[[ Data for this task open ]]

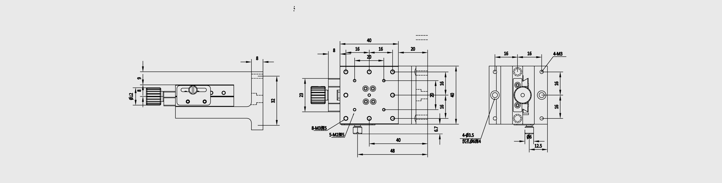 *单轴-Z轴 *旋钮回转一圈移动量0.5mm *标尺刻度最小读取量0.1mm *轨道方式使用燕尾槽式,在构造上燕尾槽导轨和滑块组成面接触方式进行直线运动, 提供稳定的导向,及耐荷重的表现 *驱动方式:丝杠进给, 精确往复驱动旋钮调节 *主体材质-铜合金(黑色氟树脂)/ 铝合金(黑色阳极氧化)
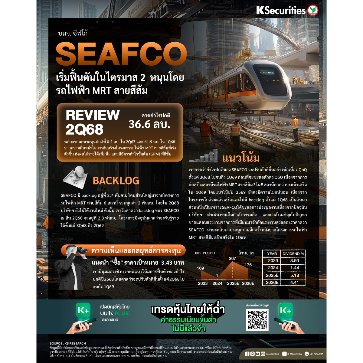 SEAFCO : เริ่มฟื้นตันในไตรมาส 2  หนุนโดยรถไฟฟ้า MRT สายสีส้ม
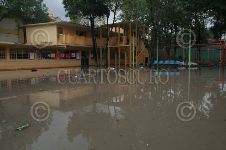 MÉXICO, D.F., 31OCTUBRE2009.- Una escuela ubicada en Cuautepec Barrio Bajo de la delegación Gustavo A. Madero, se vio afectadas al inundarse tras las fuertes lluvias registradas el día de ayer. FOTO: ENRIQUE ORDÓÑEZ/CUARTOSCURO.COM
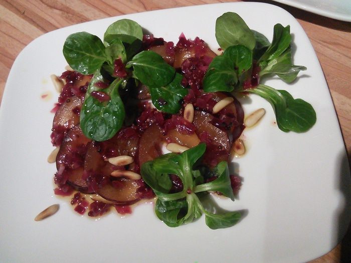 На сливу соус, выложите салат, не много, несколько веточек. И еще несколько капель соуса. Посыпьте кедровыми орешками.
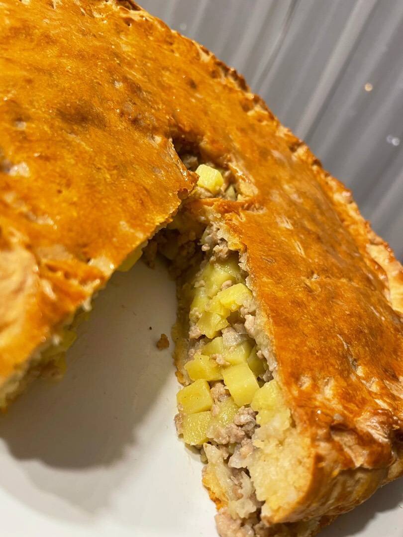 Ингредиенты: Для теста:, маргарин, тёплого молока, сода, мука пшеничная, яйцо, Для начинки:, Свинина (мякоть) или фарш, Картофель, Лук репчатый, Соль, Укроп свежий по желанию, Перец молотый Способ приготовления: Начинаем с замеса теста. Растапливаем маргарин, остужаем, переливаем в миску. К растопленному маргарину вливаем тёплое молоко и подсыпаем немного соды. Небольшими порциями начинаем подсыпать пшеничную муку. Одновременно добавляем соль. Замешиваем тесто для пирога, оно получится эластичным. Отставим пока тесто в сторону. Готовим начинку. Очищаем картофель, измельчаем в форме мелких кубиков. Свинину (чуть подмороженную) нарезаем аналогично, либо размораживаем фарш. Добавляем рубленый репчатый лук и свежий укроп по желанию. Приправляем начинку солью. При желании можно еще добавить молотый черный перец. Ингредиенты начинки перемешиваем. Включаем духовой шкаф, разогреваем до 180 градусов. Тесто для пирога делим на две неравные части. Большую часть - это основание мясного пирога - ра

[[ Data for this task closed ]]

**Exercise prompt**
Every entry should be written out word for word, except for its pictures.

**The answer**
 *单轴-Z轴 *旋钮回转一圈移动量0.5mm *标尺刻度最小读取量0.1mm *轨道方式使用燕尾槽式,在构造上燕尾槽导轨和滑块组成面接触方式进行直线运动, 提供稳定的导向,及耐荷重的表现 *驱动方式:丝杠进给, 精确往复驱动旋钮调节 *主体材质-铜合金(黑色氟树脂)/ 铝合金(黑色阳极氧化)
 SEAFCO : เริ่มฟื้นตันในไตรมาส 2  หนุนโดยรถไฟฟ้า MRT สายสีส้ม
 MÉXICO, D.F., 31OCTUBRE2009.- Una escuela ubicada en Cuautepec Barrio Bajo de la delegación Gustavo A. Madero, se vio afectadas al inundarse tras las fuertes lluvias registradas el día de ayer. FOTO: ENRIQUE ORDÓÑEZ/CUARTOSCURO.COM
 На сливу соус, выложите салат, не много, несколько веточек. И еще несколько капель соуса. Посыпьте кедровыми орешками.
 Ингредиенты: Для теста:, маргарин, тёплого молока, сода, мука пшеничная, яйцо, Для начинки:, Свинина (мякоть) или фарш, Картофель, Лук репчатый, Соль, Укроп свежий по желанию, Перец молотый Способ приготовления: Начинаем с замеса теста. Растапливаем маргарин, остужаем, переливаем в миску. К растопленному маргарину вливаем тёплое молоко и подсыпаем немного соды. Небольшими порциями начинаем подсыпать пшеничную муку. Одновременно добавляем соль. Замешиваем тесто для пирога, оно получится эластичным. Отставим пока тесто в сторону. Готовим начинку. Очищаем картофель, измельчаем в форме мелких кубиков. Свинину (чуть подмороженную) нарезаем аналогично, либо размораживаем фарш. Добавляем рубленый репчатый лук и свежий укроп по желанию. Приправляем начинку солью. При желании можно еще добавить молотый черный перец. Ингредиенты начинки перемешиваем. Включаем духовой шкаф, разогреваем до 180 градусов. Тесто для пирога делим на две неравные части. Большую часть - это основание мясного пирога - ра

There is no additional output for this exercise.